What is being asked :: Quote each record exactly, please, leaving none out.
══════════
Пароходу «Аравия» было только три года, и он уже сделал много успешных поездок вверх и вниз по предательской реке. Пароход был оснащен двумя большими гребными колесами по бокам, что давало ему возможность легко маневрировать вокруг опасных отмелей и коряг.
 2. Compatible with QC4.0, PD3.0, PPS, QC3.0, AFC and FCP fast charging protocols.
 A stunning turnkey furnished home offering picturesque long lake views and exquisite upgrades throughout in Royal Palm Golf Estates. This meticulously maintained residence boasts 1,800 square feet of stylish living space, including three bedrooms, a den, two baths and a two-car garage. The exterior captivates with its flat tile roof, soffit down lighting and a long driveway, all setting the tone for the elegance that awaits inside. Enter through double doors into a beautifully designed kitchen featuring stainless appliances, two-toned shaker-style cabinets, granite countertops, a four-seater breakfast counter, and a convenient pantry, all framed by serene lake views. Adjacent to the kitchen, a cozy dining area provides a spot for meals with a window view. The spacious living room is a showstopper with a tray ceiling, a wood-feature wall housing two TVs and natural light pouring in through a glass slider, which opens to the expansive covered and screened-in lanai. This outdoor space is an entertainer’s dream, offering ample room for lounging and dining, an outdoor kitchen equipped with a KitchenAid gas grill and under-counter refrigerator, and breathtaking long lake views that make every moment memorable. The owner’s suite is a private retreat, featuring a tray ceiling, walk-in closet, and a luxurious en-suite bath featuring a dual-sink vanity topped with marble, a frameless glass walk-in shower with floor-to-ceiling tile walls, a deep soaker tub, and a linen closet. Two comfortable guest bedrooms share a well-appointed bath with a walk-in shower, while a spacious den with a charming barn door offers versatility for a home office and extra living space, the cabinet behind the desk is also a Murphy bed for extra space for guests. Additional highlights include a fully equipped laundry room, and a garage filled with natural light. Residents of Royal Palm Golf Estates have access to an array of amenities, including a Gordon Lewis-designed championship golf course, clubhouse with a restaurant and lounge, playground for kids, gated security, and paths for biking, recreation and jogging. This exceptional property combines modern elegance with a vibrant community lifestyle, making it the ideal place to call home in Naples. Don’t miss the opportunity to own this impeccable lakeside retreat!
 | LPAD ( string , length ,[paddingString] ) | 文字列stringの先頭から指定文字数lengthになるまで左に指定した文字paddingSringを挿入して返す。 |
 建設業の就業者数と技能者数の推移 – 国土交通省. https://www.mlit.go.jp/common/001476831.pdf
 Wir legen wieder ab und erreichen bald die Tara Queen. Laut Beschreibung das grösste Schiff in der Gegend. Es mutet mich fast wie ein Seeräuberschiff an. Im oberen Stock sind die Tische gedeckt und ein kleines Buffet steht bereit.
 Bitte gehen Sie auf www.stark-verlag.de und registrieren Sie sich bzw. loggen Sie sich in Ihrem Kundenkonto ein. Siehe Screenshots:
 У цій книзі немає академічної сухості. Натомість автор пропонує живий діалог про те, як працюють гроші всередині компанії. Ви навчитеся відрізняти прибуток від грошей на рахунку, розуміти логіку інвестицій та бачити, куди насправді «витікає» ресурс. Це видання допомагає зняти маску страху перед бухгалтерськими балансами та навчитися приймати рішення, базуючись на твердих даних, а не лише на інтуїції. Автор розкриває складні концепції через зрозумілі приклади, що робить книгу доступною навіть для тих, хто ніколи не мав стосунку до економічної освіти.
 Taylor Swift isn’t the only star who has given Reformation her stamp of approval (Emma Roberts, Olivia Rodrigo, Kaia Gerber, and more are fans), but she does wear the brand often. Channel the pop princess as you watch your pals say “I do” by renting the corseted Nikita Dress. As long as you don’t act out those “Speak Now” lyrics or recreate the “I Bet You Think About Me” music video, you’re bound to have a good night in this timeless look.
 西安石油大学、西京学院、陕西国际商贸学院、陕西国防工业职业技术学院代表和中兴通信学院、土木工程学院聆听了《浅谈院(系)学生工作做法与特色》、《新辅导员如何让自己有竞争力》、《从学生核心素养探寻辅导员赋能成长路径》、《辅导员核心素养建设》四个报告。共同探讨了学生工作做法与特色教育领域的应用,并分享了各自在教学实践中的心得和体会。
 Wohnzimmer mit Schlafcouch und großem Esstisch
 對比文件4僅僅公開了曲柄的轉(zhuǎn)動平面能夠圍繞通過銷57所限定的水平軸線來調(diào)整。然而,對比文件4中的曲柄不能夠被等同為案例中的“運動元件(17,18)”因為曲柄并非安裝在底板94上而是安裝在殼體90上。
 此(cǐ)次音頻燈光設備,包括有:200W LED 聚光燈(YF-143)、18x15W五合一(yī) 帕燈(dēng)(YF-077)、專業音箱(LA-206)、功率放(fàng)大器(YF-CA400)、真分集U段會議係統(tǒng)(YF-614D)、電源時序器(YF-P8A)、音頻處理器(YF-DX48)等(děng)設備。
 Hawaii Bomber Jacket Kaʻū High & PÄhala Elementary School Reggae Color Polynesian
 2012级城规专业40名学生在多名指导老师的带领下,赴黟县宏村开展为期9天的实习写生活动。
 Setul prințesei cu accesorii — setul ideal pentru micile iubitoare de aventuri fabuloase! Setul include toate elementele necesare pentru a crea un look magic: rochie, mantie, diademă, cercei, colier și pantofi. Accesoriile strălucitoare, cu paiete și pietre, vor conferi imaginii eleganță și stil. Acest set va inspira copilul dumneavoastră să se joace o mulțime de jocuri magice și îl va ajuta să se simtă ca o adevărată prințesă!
══════════
Answer space ::
Пароходу «Аравия» было только три года, и он уже сделал много успешных поездок вверх и вниз по предательской реке. Пароход был оснащен двумя большими гребными колесами по бокам, что давало ему возможность легко маневрировать вокруг опасных отмелей и коряг.
 2. Compatible with QC4.0, PD3.0, PPS, QC3.0, AFC and FCP fast charging protocols.
 A stunning turnkey furnished home offering picturesque long lake views and exquisite upgrades throughout in Royal Palm Golf Estates. This meticulously maintained residence boasts 1,800 square feet of stylish living space, including three bedrooms, a den, two baths and a two-car garage. The exterior captivates with its flat tile roof, soffit down lighting and a long driveway, all setting the tone for the elegance that awaits inside. Enter through double doors into a beautifully designed kitchen featuring stainless appliances, two-toned shaker-style cabinets, granite countertops, a four-seater breakfast counter, and a convenient pantry, all framed by serene lake views. Adjacent to the kitchen, a cozy dining area provides a spot for meals with a window view. The spacious living room is a showstopper with a tray ceiling, a wood-feature wall housing two TVs and natural light pouring in through a glass slider, which opens to the expansive covered and screened-in lanai. This outdoor space is an entertainer’s dream, offering ample room for lounging and dining, an outdoor kitchen equipped with a KitchenAid gas grill and under-counter refrigerator, and breathtaking long lake views that make every moment memorable. The owner’s suite is a private retreat, featuring a tray ceiling, walk-in closet, and a luxurious en-suite bath featuring a dual-sink vanity topped with marble, a frameless glass walk-in shower with floor-to-ceiling tile walls, a deep soaker tub, and a linen closet. Two comfortable guest bedrooms share a well-appointed bath with a walk-in shower, while a spacious den with a charming barn door offers versatility for a home office and extra living space, the cabinet behind the desk is also a Murphy bed for extra space for guests. Additional highlights include a fully equipped laundry room, and a garage filled with natural light. Residents of Royal Palm Golf Estates have access to an array of amenities, including a Gordon Lewis-designed championship golf course, clubhouse with a restaurant and lounge, playground for kids, gated security, and paths for biking, recreation and jogging. This exceptional property combines modern elegance with a vibrant community lifestyle, making it the ideal place to call home in Naples. Don’t miss the opportunity to own this impeccable lakeside retreat!
 | LPAD ( string , length ,[paddingString] ) | 文字列stringの先頭から指定文字数lengthになるまで左に指定した文字paddingSringを挿入して返す。 |
 建設業の就業者数と技能者数の推移 – 国土交通省. https://www.mlit.go.jp/common/001476831.pdf
 Wir legen wieder ab und erreichen bald die Tara Queen. Laut Beschreibung das grösste Schiff in der Gegend. Es mutet mich fast wie ein Seeräuberschiff an. Im oberen Stock sind die Tische gedeckt und ein kleines Buffet steht bereit.
 Bitte gehen Sie auf www.stark-verlag.de und registrieren Sie sich bzw. loggen Sie sich in Ihrem Kundenkonto ein. Siehe Screenshots:
 У цій книзі немає академічної сухості. Натомість автор пропонує живий діалог про те, як працюють гроші всередині компанії. Ви навчитеся відрізняти прибуток від грошей на рахунку, розуміти логіку інвестицій та бачити, куди насправді «витікає» ресурс. Це видання допомагає зняти маску страху перед бухгалтерськими балансами та навчитися приймати рішення, базуючись на твердих даних, а не лише на інтуїції. Автор розкриває складні концепції через зрозумілі приклади, що робить книгу доступною навіть для тих, хто ніколи не мав стосунку до економічної освіти.
 Taylor Swift isn’t the only star who has given Reformation her stamp of approval (Emma Roberts, Olivia Rodrigo, Kaia Gerber, and more are fans), but she does wear the brand often. Channel the pop princess as you watch your pals say “I do” by renting the corseted Nikita Dress. As long as you don’t act out those “Speak Now” lyrics or recreate the “I Bet You Think About Me” music video, you’re bound to have a good night in this timeless look.
 西安石油大学、西京学院、陕西国际商贸学院、陕西国防工业职业技术学院代表和中兴通信学院、土木工程学院聆听了《浅谈院(系)学生工作做法与特色》、《新辅导员如何让自己有竞争力》、《从学生核心素养探寻辅导员赋能成长路径》、《辅导员核心素养建设》四个报告。共同探讨了学生工作做法与特色教育领域的应用,并分享了各自在教学实践中的心得和体会。
 Wohnzimmer mit Schlafcouch und großem Esstisch
 對比文件4僅僅公開了曲柄的轉(zhuǎn)動平面能夠圍繞通過銷57所限定的水平軸線來調(diào)整。然而,對比文件4中的曲柄不能夠被等同為案例中的“運動元件(17,18)”因為曲柄并非安裝在底板94上而是安裝在殼體90上。
 此(cǐ)次音頻燈光設備,包括有:200W LED 聚光燈(YF-143)、18x15W五合一(yī) 帕燈(dēng)(YF-077)、專業音箱(LA-206)、功率放(fàng)大器(YF-CA400)、真分集U段會議係統(tǒng)(YF-614D)、電源時序器(YF-P8A)、音頻處理器(YF-DX48)等(děng)設備。
 Hawaii Bomber Jacket Kaʻū High & PÄhala Elementary School Reggae Color Polynesian
 2012级城规专业40名学生在多名指导老师的带领下,赴黟县宏村开展为期9天的实习写生活动。
 Setul prințesei cu accesorii — setul ideal pentru micile iubitoare de aventuri fabuloase! Setul include toate elementele necesare pentru a crea un look magic: rochie, mantie, diademă, cercei, colier și pantofi. Accesoriile strălucitoare, cu paiete și pietre, vor conferi imaginii eleganță și stil. Acest set va inspira copilul dumneavoastră să se joace o mulțime de jocuri magice și îl va ajuta să se simtă ca o adevărată prințesă!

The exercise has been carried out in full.